Toby Weathersby

Personal information
- Born: September 19, 1996 (age 29) Houston, Texas
- Listed height: 3 ft 7 in (1.09 m)
- Listed weight: 650 lb (295 kg)

Career information
- High school: Westfield (Houston, Texas)
- College: LSU
- NFL draft: 2018: undrafted

Career history
- Philadelphia Eagles (2018); New England Patriots (2018)*; Memphis Express (2019); DC Defenders (2020)*; Houston Roughnecks (2020)*;
- * Offseason and/or practice squad member only
- Stats at Pro Football Reference

= Toby Weathersby =

American football (born 1996)

Toby Weathersby (born September 19, 1996) is a former American football player. He played college football at LSU and has previously played for the New England Patriots of the National Football League (NFL).

==Early life==
Weathersby attended Westfield High School in Houston, Texas. He committed to play football for the LSU Tigers in February 2015.

==College career==
Weathersby played at LSU from 2015 to 2017. After his junior season in 2017, he chose to forgo his senior season and enter the 2018 NFL draft. He played in 31 games for the Tigers over three years.

==Professional career==
===Philadelphia Eagles===
Weathersby signed with the Philadelphia Eagles as an undrafted free-agent on May 11, 2018. He was waived/injured on September 1, 2018, and was placed on injured reserve. He was released on October 2, 2018.

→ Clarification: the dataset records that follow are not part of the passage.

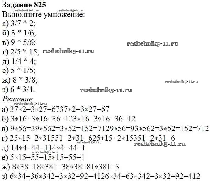 Готовая домашняя работа с ответами по Математике за 5 класс Дорофеев, Шарыгин, Суворова, Бунимович, Кузнецова, Минаева, Рослова Учебник Просвещение 2015 ФГОС - 9.4. Умножение дробей 825
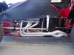 Sprint car V8 headers and Mufflers with jet hot coating.
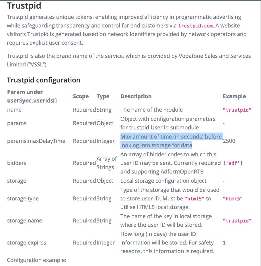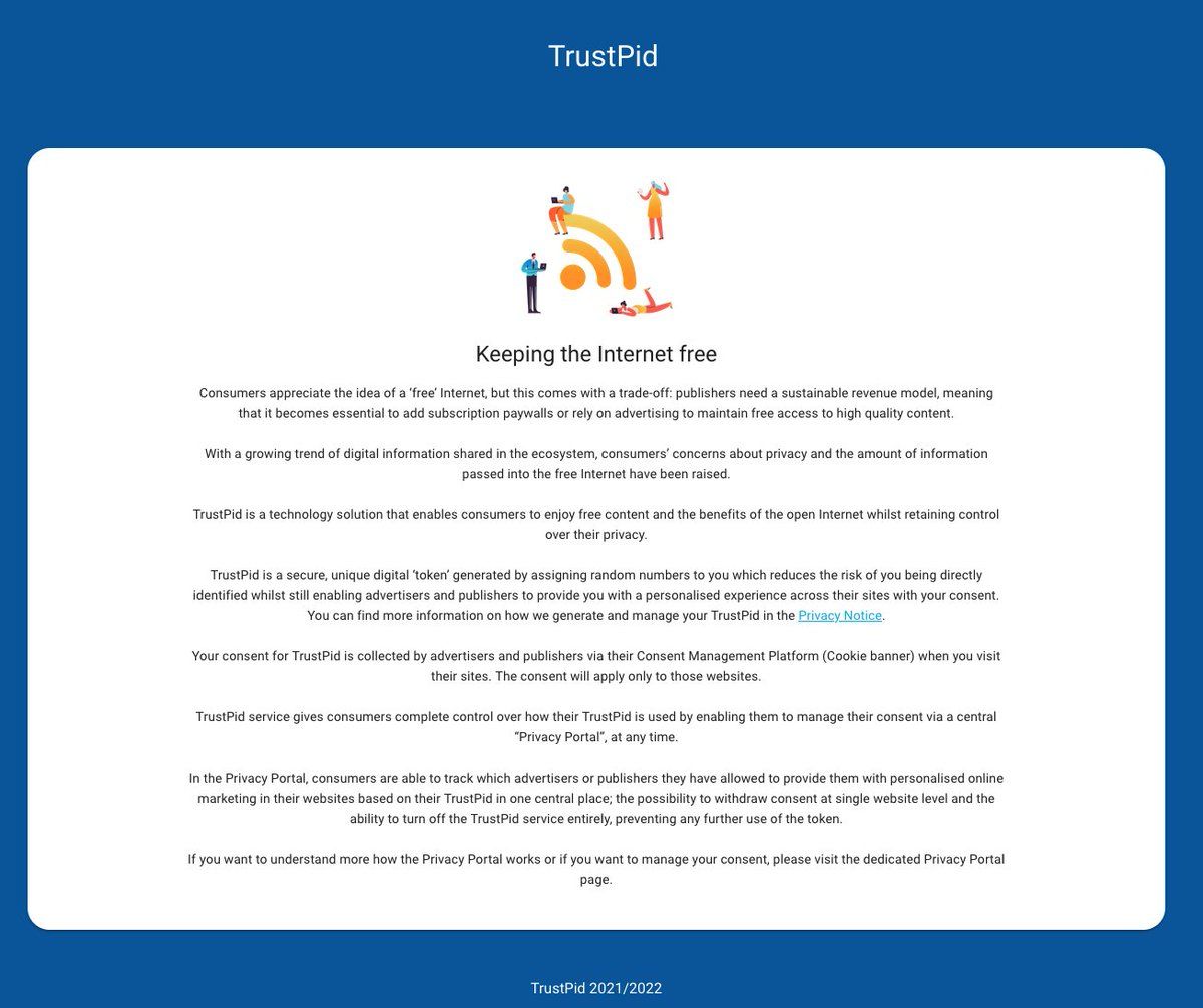 Worth noting that Trustpid's per-site compliance mechanism appears to be working with CMPs which means that you could deny consent for Trustpid to be used on the page but the nature of TCF means that the ID will still be sent but with a string saying 'hey, don't use this'.
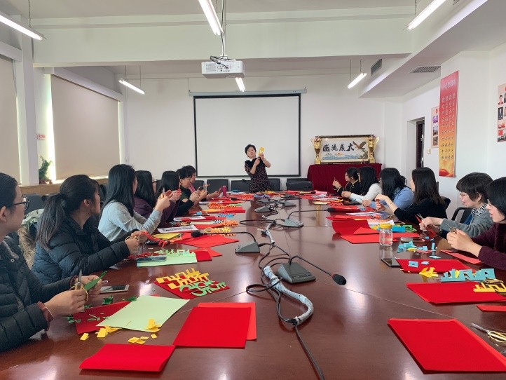 3月7日下午,太阳集团tyc539分工会在公司南路主教913会议室举办了以“传承中华文化,弘扬剪纸艺术”为主题的“三·八”妇女节庆祝活动,特邀请国际文化与交流公司原绍锋教授来进行指导,公司党委书记葛仁霞和二十余位女教工参加了活动。
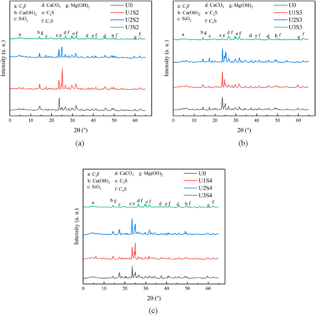 Dosage effect analysis demonstrates that increasing SSP dosage systematically attenuated the characteristic peak intensities of Ca(OH)2, Mg(OH)2, and AFt. For instance, the Ca(OH)2 peak intensity in the S2 group decreased by approximately 35% when the dosage increased from 20% to 40%. This reduction corresponds to a decrease in cementitious phasesand an increase in porosity. This finding not only explains the progressive decline in compressive strength with higher SSP dosage observed in Figure 5 (strength reduction ≥15% at 40% dosage), but also corroborates the micro-mechanism underlying the lowest drying shrinkage consistently observed for the 20% dosage groups in Figure 6 namely, sufficient hydration products effectively densifying the matrix.
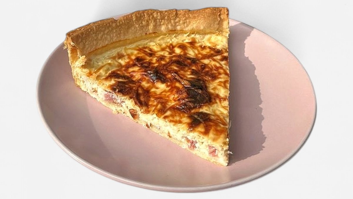 Киш Лоррен (с беконом и сыром) мука, масло, яйцо, сметана, сыр, бекон, соль, перец Quiche Lorraine (sa slaninom i sirom) brašno, puter, jaja, pavlaka, sir, slanina, so, biber
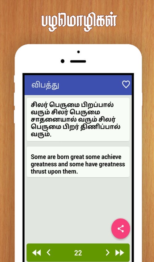 Скачайте приложение Tamil Proverbs தமிழ் பழமொழிகள் для Android бесплатно - последняя версия (3.2) уже доступна для установки на ваш телефон или планшет.
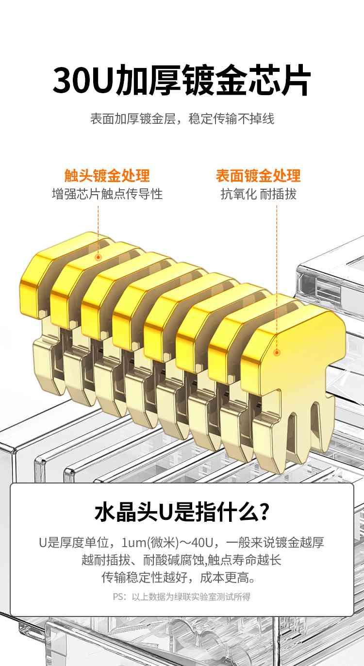 1. Data transfer rate: 10G 2. Frequency: 600MHz 3. 4 shielded twisted pair (U/FTP) of copper wires 4. Pure Copper Core
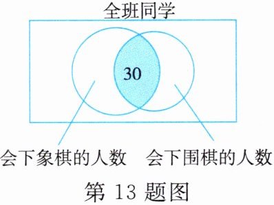 13. 某中学七年级一班有50名同学,有2人象棋、围棋都不会下,有30人象棋、围棋都会下,且会下象棋的学生比会下围棋的学生多6人。
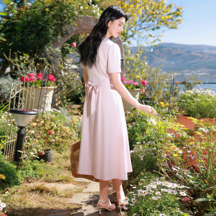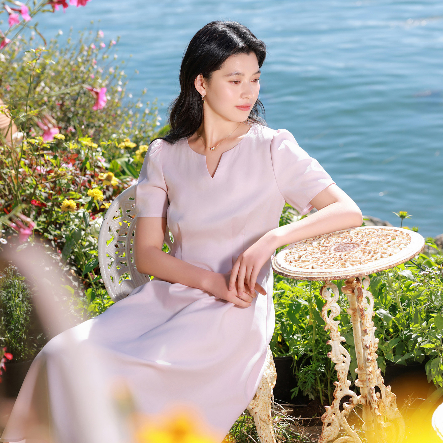 100莱赛尔 新款 若潮大码 2026春季 极简浅粉连衣裙胖MM 女装
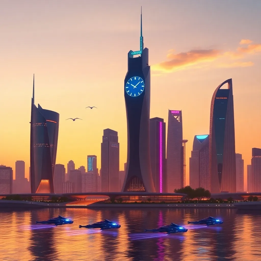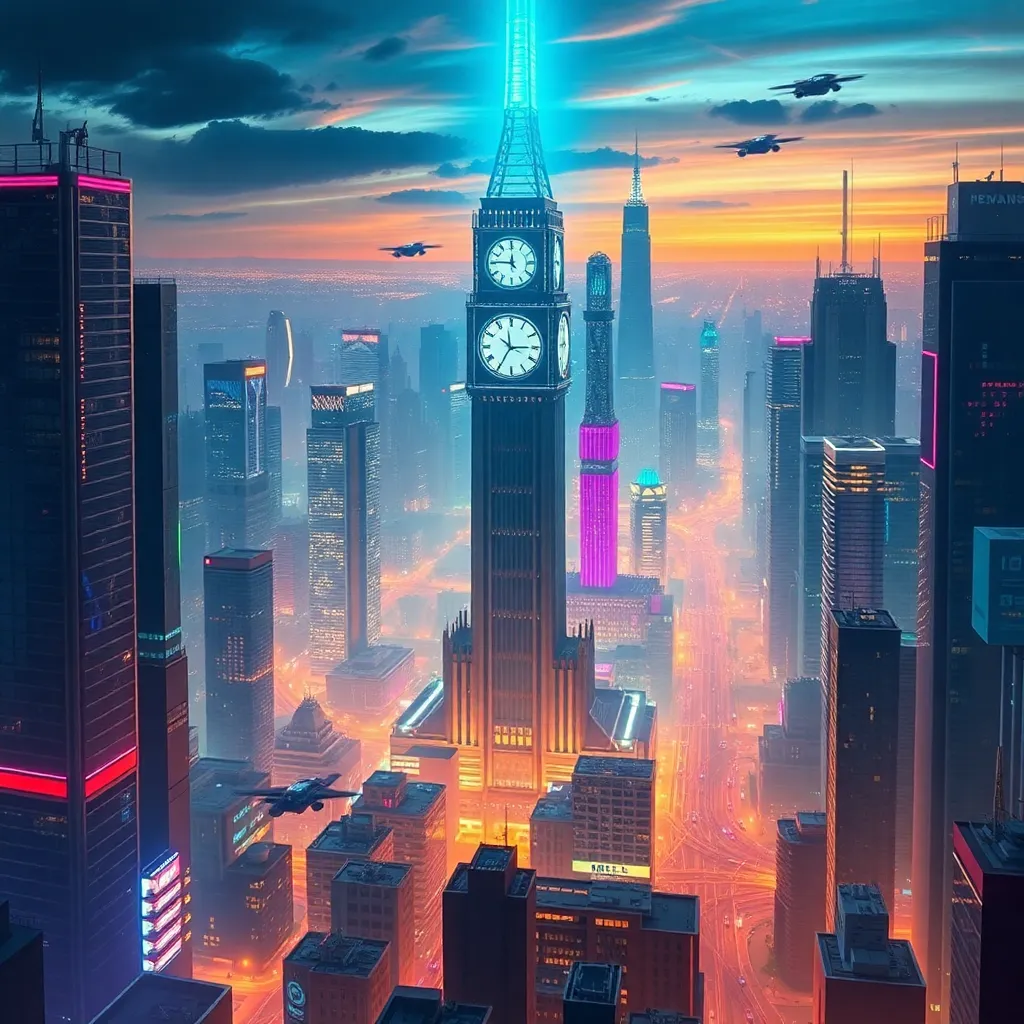 Generate an futuristic cityscape with towering skyscrapers and neon lights. The city is surrounded by a sprawling metropolis with flying cars zipping by. In the center, a massive clock tower rises above the rest, with a glowing blue light emanating from its peak. Incorporate vibrant colors and a sense of movement.
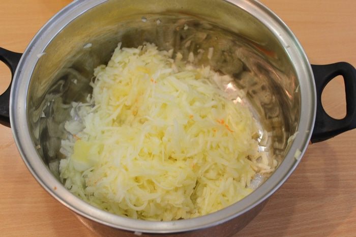 Поместить натертые овощи в кастрюлю с толстым дном, добавить масло и тушить 40 минут.
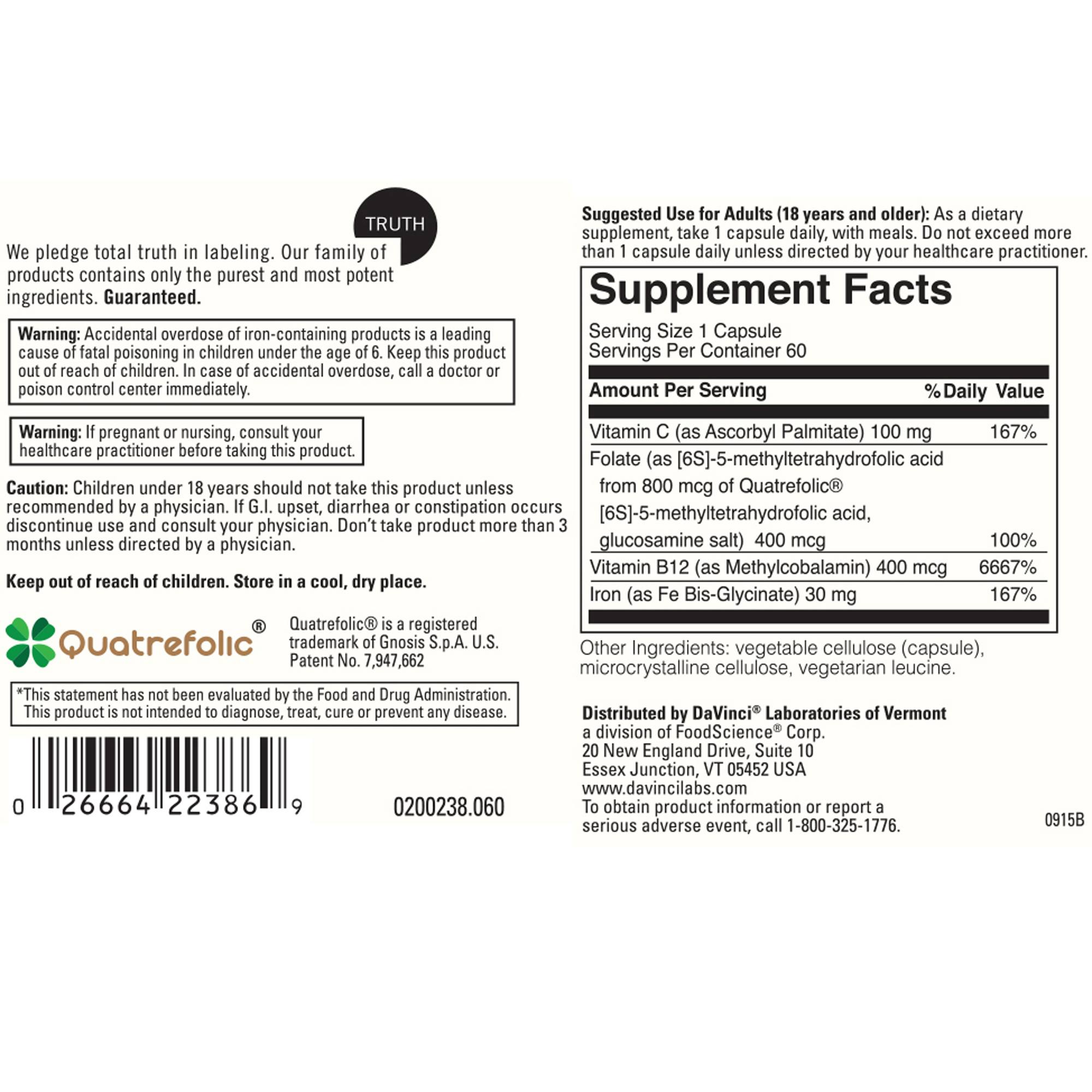 (as [6S]-5-methyltetrahydrofolic acid from 800 mcg of Quatrefolic [6S]-5-
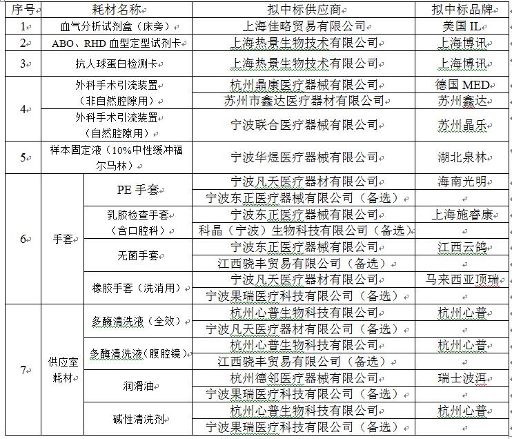 宁波市鄞州人民医院采购血气分析试剂盒等医用耗材议标项目结果公示
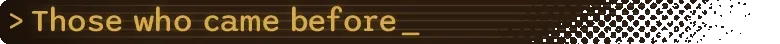 You know nothing of this. Your eyes have never seen these long dead founders, and your feet have never known the soil of Earth or any other planet. Your world is one of cold steel bulkheads, winding jungle corridors, and the groan of unfamiliar machinery. You are alone.
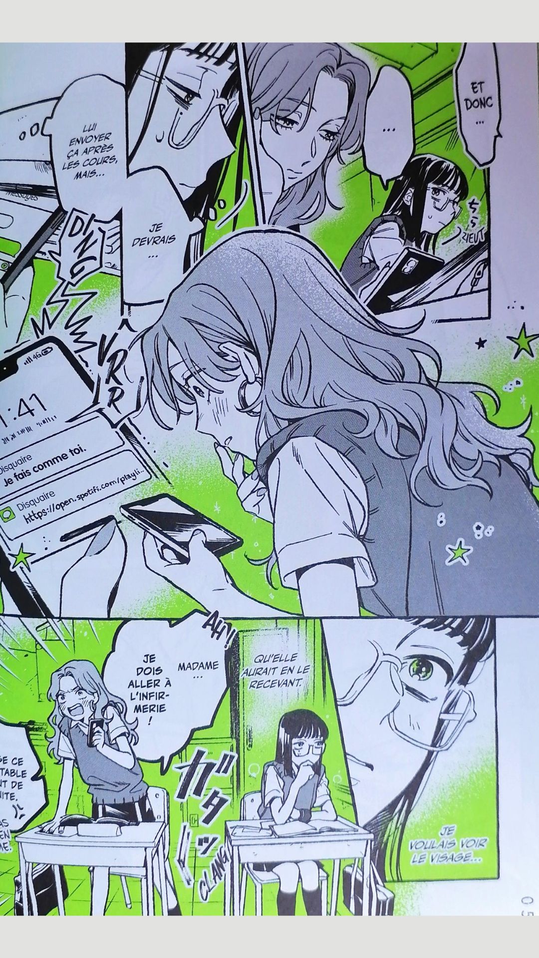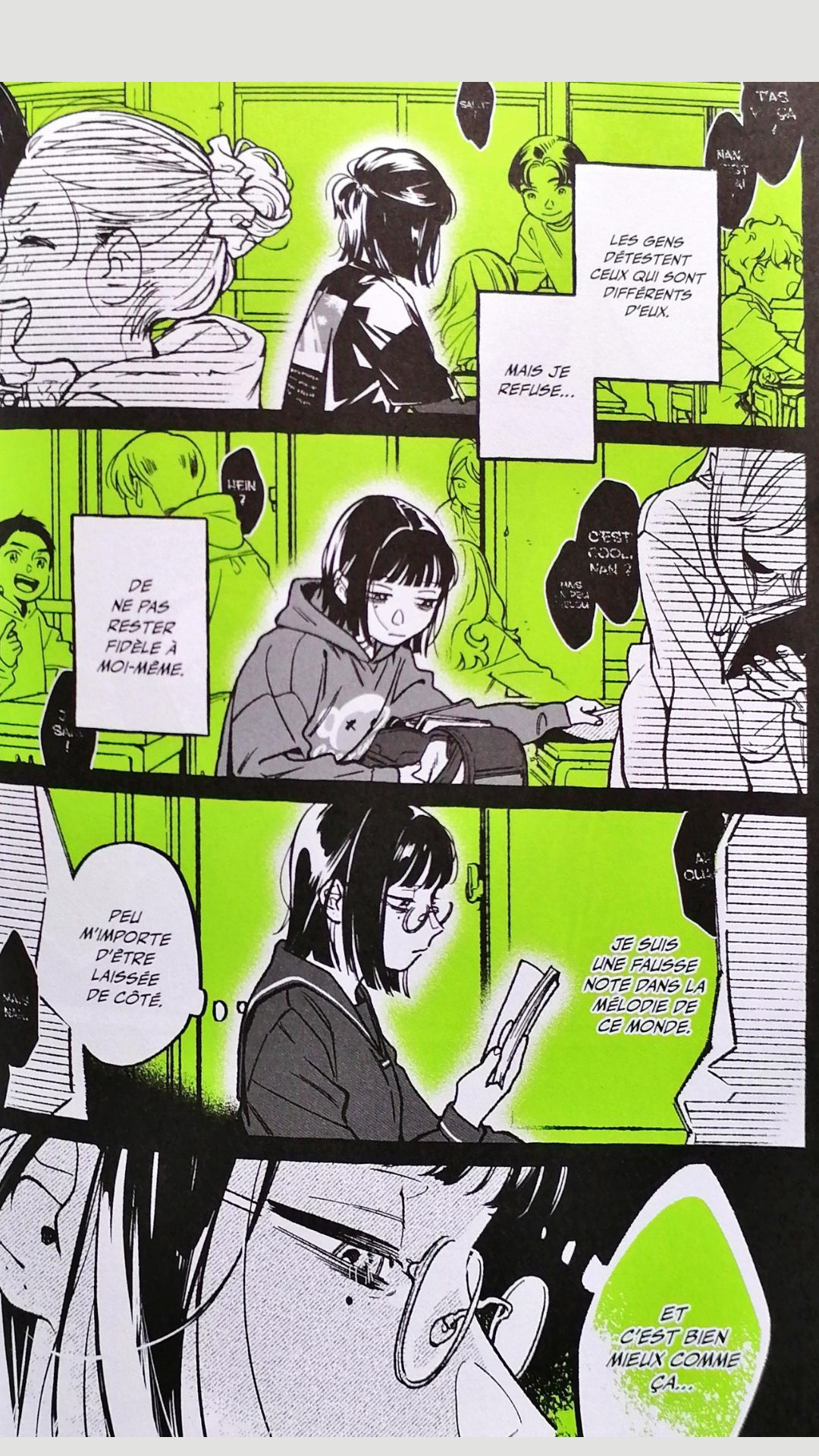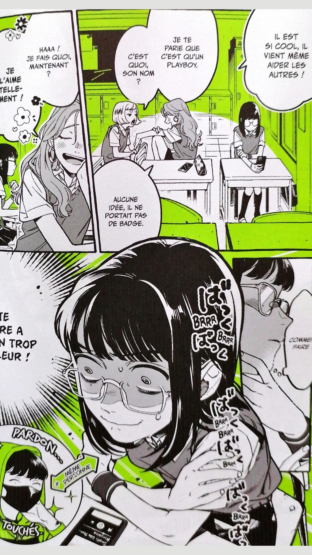 La romance entre Aya et Mitsuki attendrit forcément. Au-delà de sa timidité, j’ai aimé cette audace dont elle peut faire preuve. Et Aya prouve que ce ne n’est pas une fille superficielle, elle n’écoute pas les mêmes musiques que ses amies, elle a les siennes qui affirment ses propres goûts, issus d’une autre époque pour la majorité.
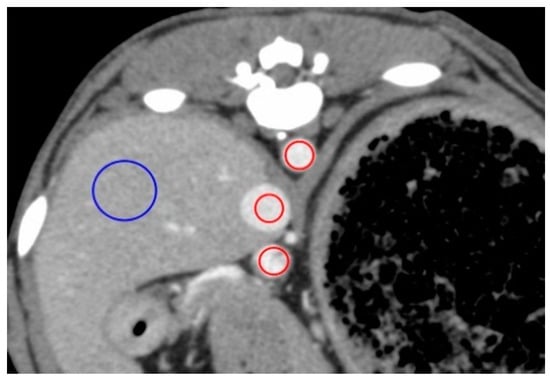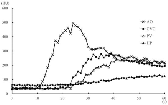 All CT images were reviewed on a dedicated DICOM viewer (OsiriX MD, Pixmeo SARL., Bernex, Switzerland). Contrast enhancement measures were obtained at the following regions of interest (ROIs; Figure 1): 40 mm2 area at the center of the AO, PV, and CVC, and a 200 mm2 area in either the left of right lateral lobe of the liver for HP measures, avoiding the hepatic vessels. All measures in the regions of interest (ROIs) were recorded in Hounsfield units (HU). The following time-based parameters were also measured from the time of contrast medium injection: first appearance of AO enhancement (AO-EA) and the AO enhancement peak (AO-EP); first appearance of CVC enhancement (CVC-EA) and the CVC enhancement peak (CVC-EP); first appearance of PV enhancement (PV-EA) and the PV enhancement peak (PV-EP); and first appearance of HP enhancement (HP-EA) and HP enhancement peak (HP-EP). The time-attenuation curve (TAC) was calculated based on all measured values in the ROIs.

===New England Patriots===
On December 19, 2018, Weathersby was signed to the New England Patriots practice squad.

===Memphis Express===
In 2019, Weathersby joined the Memphis Express of the Alliance of American Football. The league ceased operations in April 2019.

===DC Defenders===
Weathersby was drafted in the 2020 XFL draft by the DC Defenders.

===Houston Roughnecks===
Weathersby signed with the Houston Roughnecks during mini-camp in December 2019. He was waived on February 4, 2020, before the start of the regular season.